The work was part of my dissertation, but the research questions and methods mapped closely to product research: a clearly defined user group, generative inquiry into their workflows, and findings shared directly with the Hypothesis team.
What I did
I structured the research around four focus group sessions over four months. Instructors shared their screens and walked through how they were using Hypothesis — closer to contextual inquiry than a traditional academic interview. The format was deliberate: focus groups felt familiar to instructors as a professional development setting, and conversations between participants surfaced nuances that one-on-one interviews might not.
Across the study I collected and analyzed 1,500+ student annotations from 50+ course documents, conducted 7 sessions with 6 instructors, gathered 25 survey responses, and coded over 7 hours of focus group data using thematic and content analysis.
With that volume of data, synthesis was the hard part, and the study’s slower academic pace gave me room to do it properly rather than settling on the first themes that felt right. I worked iteratively: draft an initial reading of what the data was saying, take it to colleagues to pressure-test, revise, and often go back for another round. I also brought preliminary findings back to the focus group participants themselves (member checking), which led to minor but real revisions where my interpretation didn’t quite match their intent. The part that took the most iteration was the instructor themes: getting past what instructors said they did with the tool to an accurate account of the job they were actually trying to get done.
I shared early findings at iAnnotate, a conference hosted by Hypothesis, and shared my findings with Hypothesis showing some of the specific pain points instructors reported. The research generated three articles on social annotation and strategies for instructors implementing it in online courses.
Outcome
The research surfaced two categories of findings:
Product improvement feedback — instructors wanted a clearer way to see when students had submitted annotations, and the ability to create smaller student groups. Both became product changes: Hypothesis later added Canvas group support and improved annotation submission visibility.
Implementation insights — instructors used annotations in notably different ways. Some used them to prep for class discussions, spotting misconceptions before students came in. Others used them as pre-reading accountability. Some valued threaded conversation; others valued deep engagement with specific passages. Understanding that variety helped the university calibrate instructor onboarding after the study.
Reflection
The methods here — focus groups structured like contextual inquiry, direct stakeholder briefings, findings translated into product recommendations — are the same ones I use in industry research. What the dissertation context added was the pace: slower by institutional necessity, which forced me to develop patience with long-horizon data and to make claims I could genuinely defend rather than conclusions that felt right early.

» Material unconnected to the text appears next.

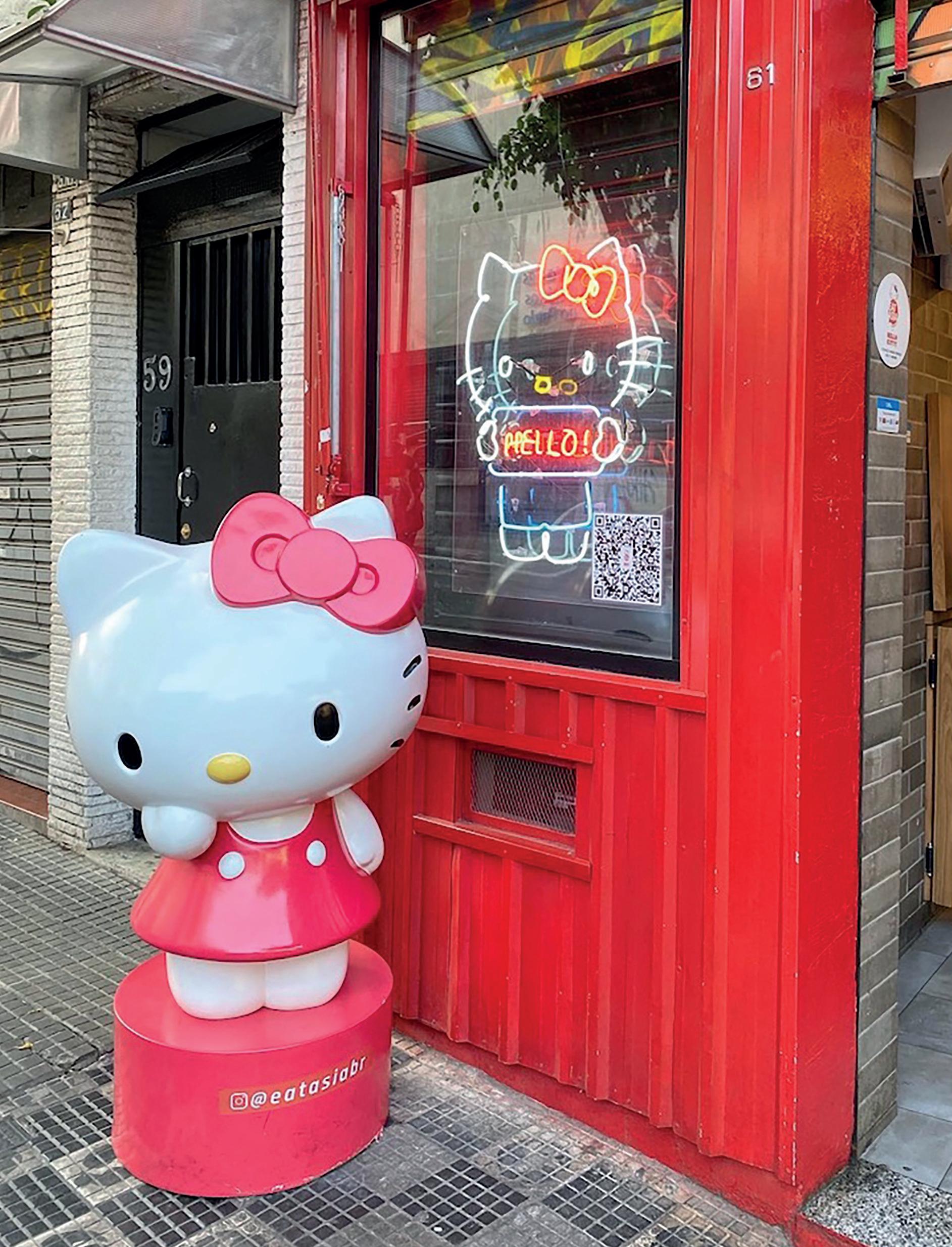 O restaurante da Hello Kitty se chama Eat Asia, inspirado pelas vilas asiáticas, que obteve licença da marca para transformar as instalações em um local temático. São duas unidades, sendo uma delas totalmente dedicada à personagem, na rua Thomaz Gonzaga, 61.

Most research on collaborative annotation was studying what students did with it — their behavior, their learning. But instructors had a different relationship with the tool entirely: they were making deliberate choices about how to deploy it, and they had specific jobs they were trying to accomplish (e.g., Jobs to Be Done) that didn’t show up in student annotation data at all. Understanding their goals was a different research question.
I find that pattern almost everywhere now. There’s usually a layer of users whose job is to make the product work for someone else — instructors, managers, admins — and studying the downstream user’s behavior doesn’t tell you much about what those people actually need. The Hypothesis study was where I first had to ask that question directly.